McAllister Sean D, Hurst Dow P, Barnett-Norris Judy, Lynch Diane, Reggio Patricia H, Abood Mary E
California Pacific Medical Center Research Institute, San Francisco, California 94115, USA.
J Biol Chem. 2004 Nov 12;279(46):48024-37. doi: 10.1074/jbc.M406648200. Epub 2004 Aug 23.

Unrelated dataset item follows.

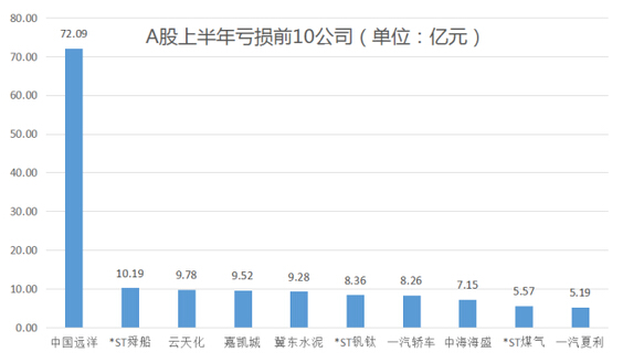 在中國遠洋披露中報前,A股上半年虧損前3的公司分別為*ST舜船(虧損10.2億元)、云天化(虧損9.78億元)、嘉凱城(9.52億元)——中國遠洋直接將虧損王的標準提高了6倍!

In this study, we tested the hypothesis that a CB(1) TMH3-4-5-6 aromatic microdomain, which includes F3.25(190), F3.36(201), W5.43(280), and W6.48(357), is centrally involved in CB(1) receptor activation, with the F3.36(201)/W6.48(357) interaction key to the maintenance of the CB(1)-inactive state. We have shown previously that when F3.36(201), W5.43(280), and W6.48(357) are individually mutated to alanine, a significant reduction in ligand binding affinity is observed in the presence of WIN 55,212-2 and SR141716A but not CP55,940 and anandamide. In the work presented here, we report a detailed functional analysis of the F3.36(201)A, F3.25(190)A, W5.43(280)A, and W6.48(357)A mutant receptors in stable cell lines created in HEK cells for agonist-stimulated guanosine 5'-3-O-(thio)triphosphate (GTPgammaS) binding and GIRK1/4 channel current effects in Xenopus oocytes where the mutant proteins were expressed transiently. The F3.36(201)A mutation showed statistically significant increases in ligand-independent stimulation of GTPgammaS binding versus wild type CB(1), although basal levels for the W6.48(357)A mutant were not statistically different from wild type CB(1). F3.36(201)A demonstrated a limited activation profile in the presence of multiple agonists. In contrast, enhanced agonist activation was produced by W6.48(357)A. These results suggest that a F3.36(201)/W6.48(357)-specific contact is an important constraint for the CB(1)-inactive state that may need to break during activation. Modeling studies suggest that the F3.36(201)/W6.48(357) contact can exist in the inactive state of CB(1) and be broken in the activated state via a chi(1) rotamer switch (F3.36(201) trans, W6.48(357) g+) --> (F3.36(201) g+, W6.48(357) trans). The F3.36(201)/W6.48(357) interaction therefore may represent a "toggle switch" for activation of CB(1).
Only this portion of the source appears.